All those pictures, boasts, opinions and put-downs coming at you, nonstop! The gossip,
the lies, the banalities, the complexities! All those strangers! Come to think of it, all those
friends and relatives too, 24/7! Nightmarish. I’d not have any grip on reality at all. Or
rather, that virtual, irrational, disposable world would become my reality, wouldn’t it?
Which is terrifying. We say that youngsters are hypersensitive, dismiss them as
snowflakes who can’t take any heat at all. I reckon they’re the opposite. I reckon they
must be tough as boots.

Lights out

“Did you see the northern lights?” a colleague asked me first thing yesterday morning. I
suspect it was a similar story up and down the country. My reply was possibly less
commonplace: “Northern lights?” I asked. “Northern shites, more like. I’ve seen them up
close and personal, in Finland if you please, and they were still rubbish there.” While they
can look spectacular on camera, in the flesh the northern lights were a grubby green
splodge on the horizon. A decent winter sunset on a cold clear day is way more
impressive.

So, at the risk of sliding ever further into grumpy old mandom, I’m adding the northern
lights to the list of things I think are seriously overrated. This list includes, but is no way
limited to, picnics, the royal family, fame, Banksy, Ed Sheeran, hot weather, champagne,
truffles, linen, silk, strawberry jam, American football, golf, living in the countryside,
Converse, luxury cars and Thomas the Tank Engine. Other suggestions welcome.

Avocado alarm

Christian Aid has issued a report about the future of avocados. It’s called “Getting
Smashed” so, first things first, respect for the title. Quality pun. The research says climate
change is going to reduce — or scoop out, if you will — production of the hipster’s
favourite soapy fruit by as much as 41 per cent by 2050. It’s back to Marmite and jam,
toast-wise.

In Petorca in Chile, from where the UK imports many of its avocados, it takes 320 litres of
water to grow one knobbly green pear.
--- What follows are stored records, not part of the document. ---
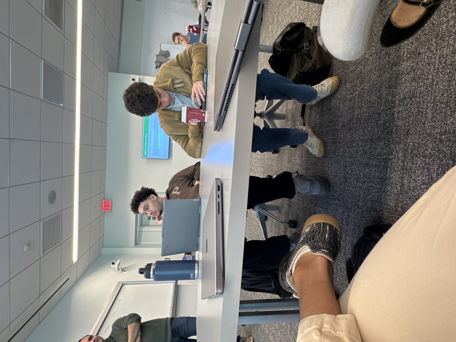 This image depicts an indoor scene within a classroom or meeting room located in Wellesley, United States. The environment features light-colored walls, a grey carpeted floor, and a suspended ceiling with square acoustic panels and fluorescent strip lighting. A prominent red "EXIT" sign is visible above a doorway on the back wall. In the foreground, a light-grey rectangular table spans the width of the frame. On the left side of the table, a silver closed laptop (likely a MacBook) rests. Partially visible legs and feet belonging to an unseen person or the photographer are in the immediate foreground, showing light-colored pants and black-and-white patterned sneakers with tan soles. To the immediate right, another foot wearing a black shoe with a tan strap is visible. Five individuals are visible. On the far left, a male with dark hair and a beard, wearing a dark green long-sleeved shirt and blue jeans, stands with his arms crossed, facing towards the right side of the frame, near a whiteboard with some writing. Seated at the table to his right is a male with dark curly hair, wearing a brown hooded sweatshirt with "GAP" visible on the chest and dark pants. He sits in an office chair, with a grey laptop (likely a Lenovo) open in front of him, and his left hand resting on his chin. A dark blue Yeti water bottle stands on the table to his left. Further to the right, another male with dark wavy hair, wearing a light brown jacket over a light blue shirt and blue jeans, is seated. He holds a red and white "Costa Coffee" cup in his left hand while looking down at a dark tablet or laptop with a stylus/pen on the table in front of him. A dark backpack rests on the floor beneath his seat. Behind him, on the far right, a male with short dark hair, wearing a blue shirt, is partially visible, looking towards the front of the room. A large wall-mounted display screen on the back wall shows text including "Political and Socio-Economic." A white dome-shaped security camera is mounted on the wall above the whiteboard on the left.
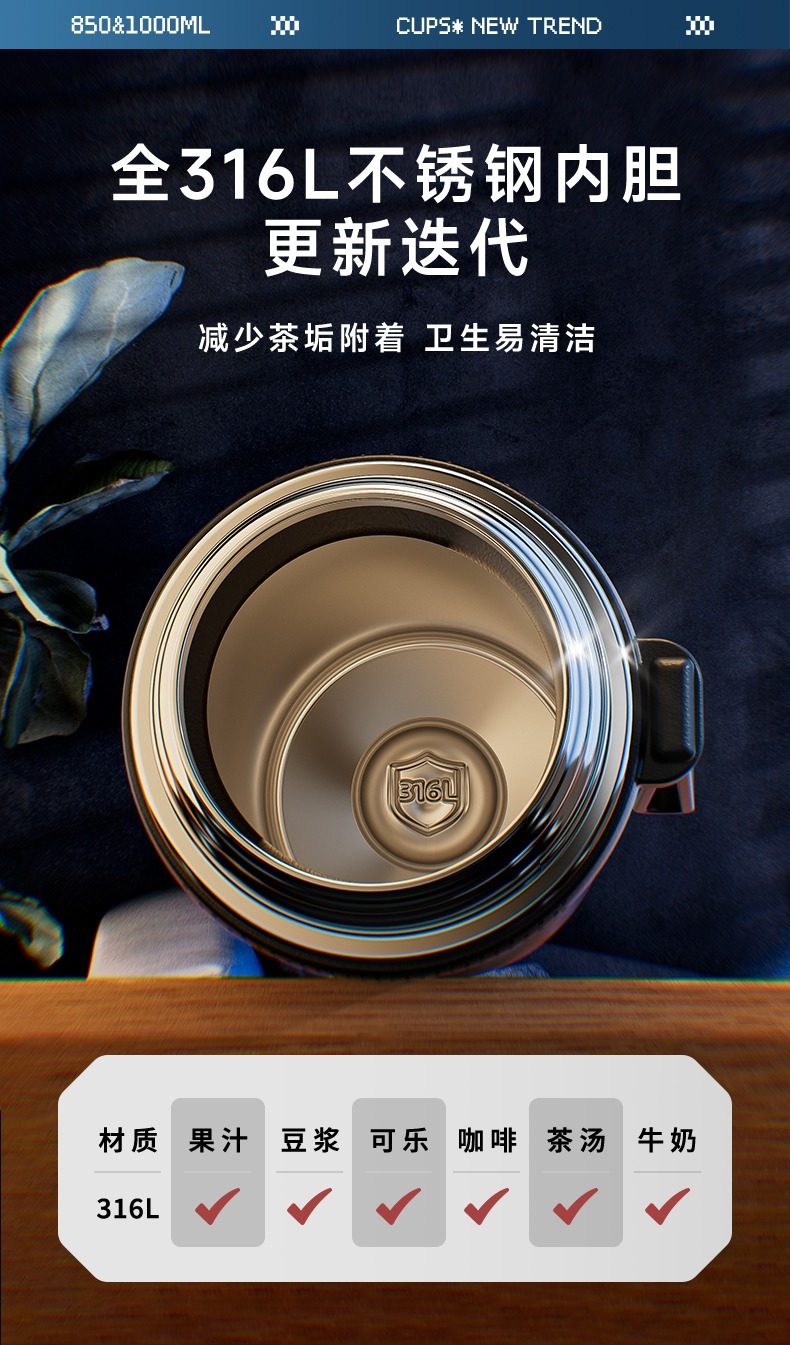 Color Classification Black 850ml [Pp Lid + 304 Liner + Portable Carrying Rope + Free Engraving],Blue 850ml [Pp Lid + 304 Liner + Portable Carrying Rope + Free Engraving],Natural Color 850ml [Pp Cup Lid + 304 Liner + Portable Carrying Rope + Free Engraving],Black 1000ml [Pp Lid + 304 Liner + Portable Carrying Rope + Free Engraving],Blue 1000ml [Pp Lid + 304 Liner + Portable Carrying Rope + Free Engraving],Natural Color 1000ml [Pp Cup Lid + 304 Liner + Portable Carrying Rope + Free Engraving],Black 850ml [All Steel Lid + 316L Liner + Portable Strap + Free Engraving],Natural Color 850ml [All Steel Lid + 316L Liner + Portable Carrying Rope + Free Engraving],Blue 850ml [All Steel Lid + 316L Liner + Portable Carrying Rope + Free Engraving],Gray 850ml [All Steel Lid + 316L Liner + Portable Carrying Rope + Free Engraving],Black 1000ml [All Steel Lid + 316L Liner + Portable Strap + Free Engraving],Natural Color 1000ml [All Steel Lid + 316L Liner + Portable Carrying Rope + Free Engraving],Blue 1000ml [All Steel Lid + 316L Liner + Portable Carrying Rope + Free Engraving],Gray 1000ml [All Steel Lid + 316L Liner + Portable Strap + Free Engraving],Bright Black 750ml [Stainless Steel Lid + 316L Liner + Portable Strap + Free Engraving],Silver Gray 750ml [Stainless Steel Lid + 316L Liner + Portable Strap + Free Engraving],Off-White 750ml [Stainless Steel Lid + 316L Liner + Portable Strap + Free Engraving],Bright Black 950ml [Stainless Steel Lid + 316L Liner + Portable Strap + Free Engraving],Silver Gray 950ml [Stainless Steel Lid + 316L Liner + Portable Strap + Free Engraving],Off-White 950ml [Stainless Steel Lid + 316L Liner + Portable Strap + Free Engraving]
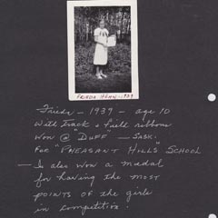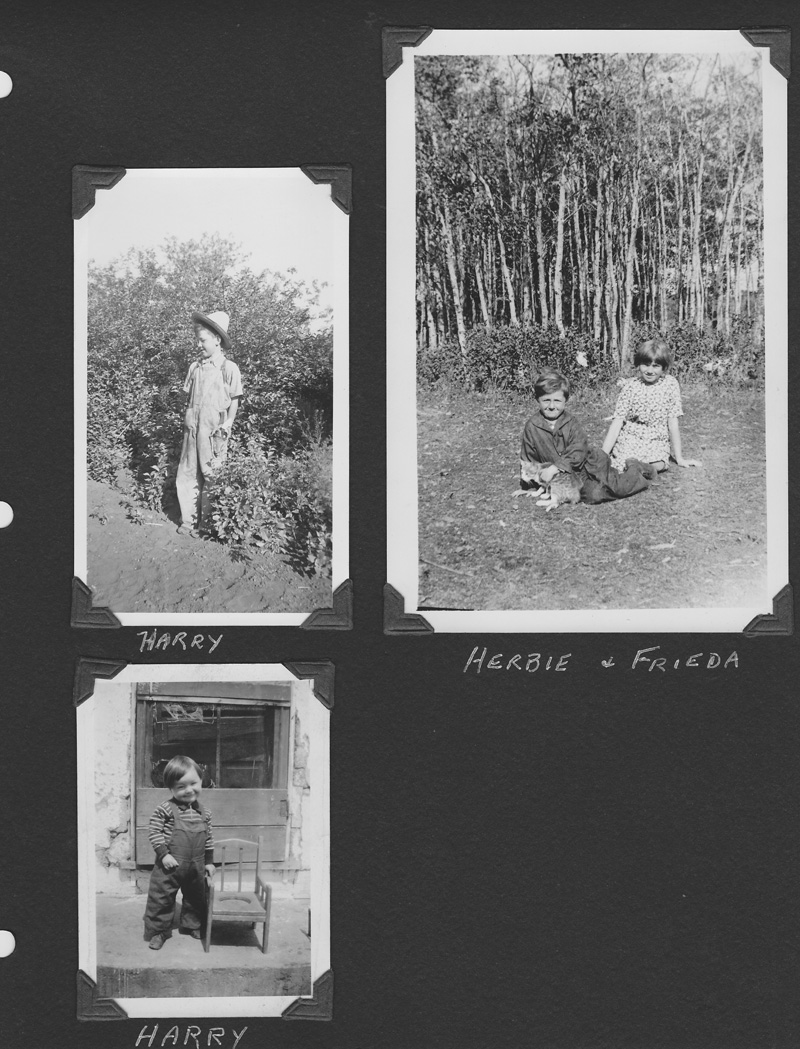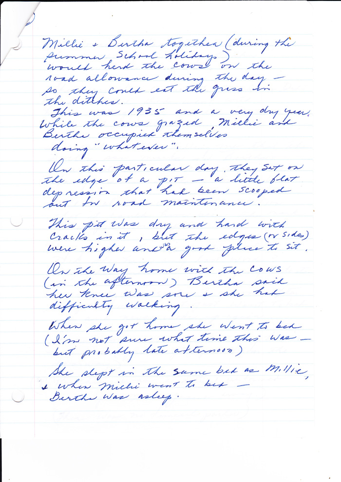 Millie and Bertha together (during the summer school holidays) would herd the cows on the road allowance during the day so they could eat the grass in the ditches. This was 1935 and a very dry year. While the cows grazed, Millie and Bertha occupied themselves doing "whatever". On this particular day, they sat on the edge of a pit - a little flat depression that had been scooped out for road maintenance.
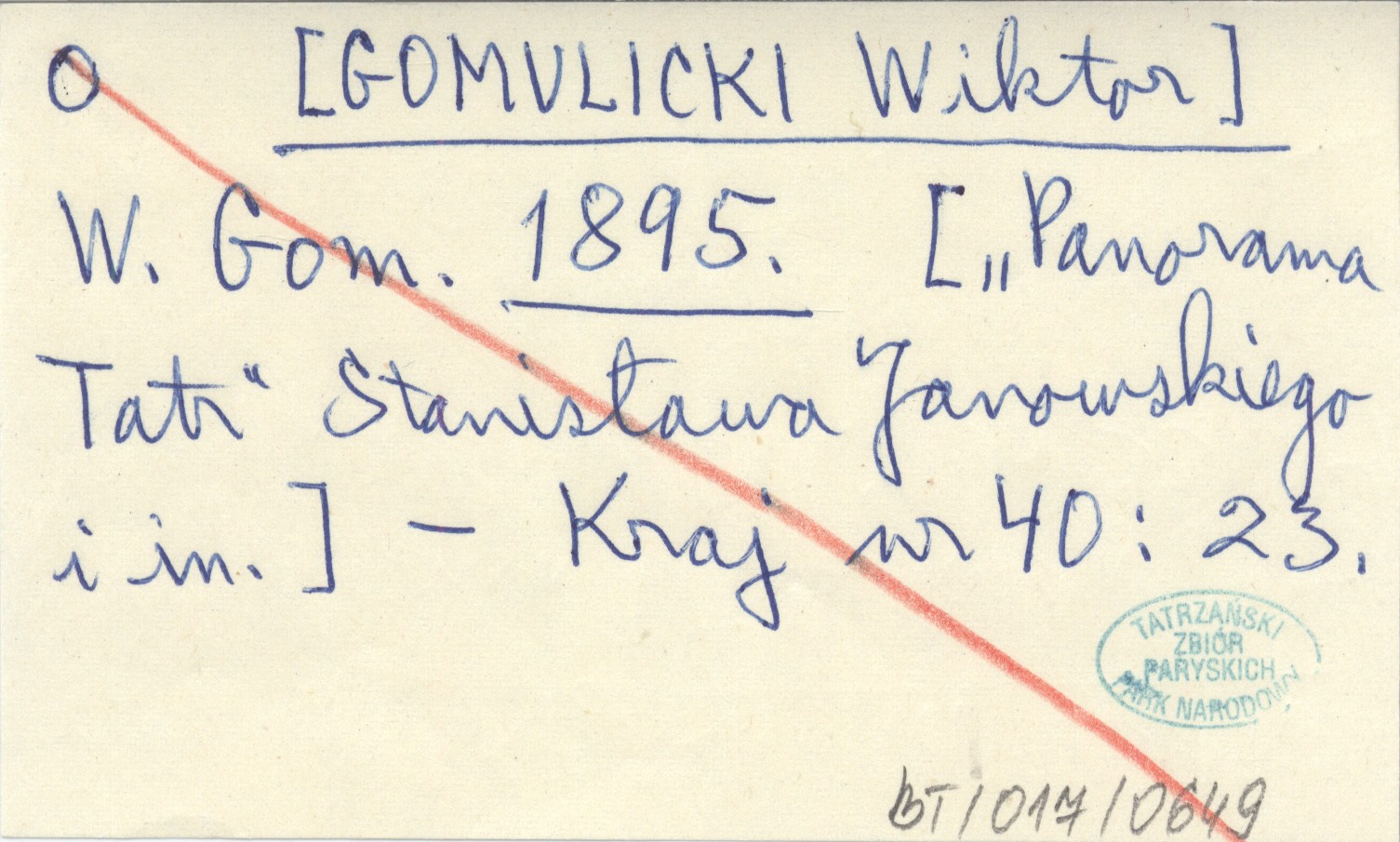 W. Gom. [GOMULICKI Wiktor] 1895 ["Panorama Tatr" Stanisława Janowskiego i in.].

That’s not sustainable, especially for a product
with such a narrow window of edibility, about six hours in my experience between rock-
hard and two thirds brown.

Ah well. I didn’t eat my first avocado until I was 25 and it looks as though I won’t be eating
them much beyond 60, not at the price to which they will soon presumably rise. Never
mind. As with friends and fashions, toast toppings come and go.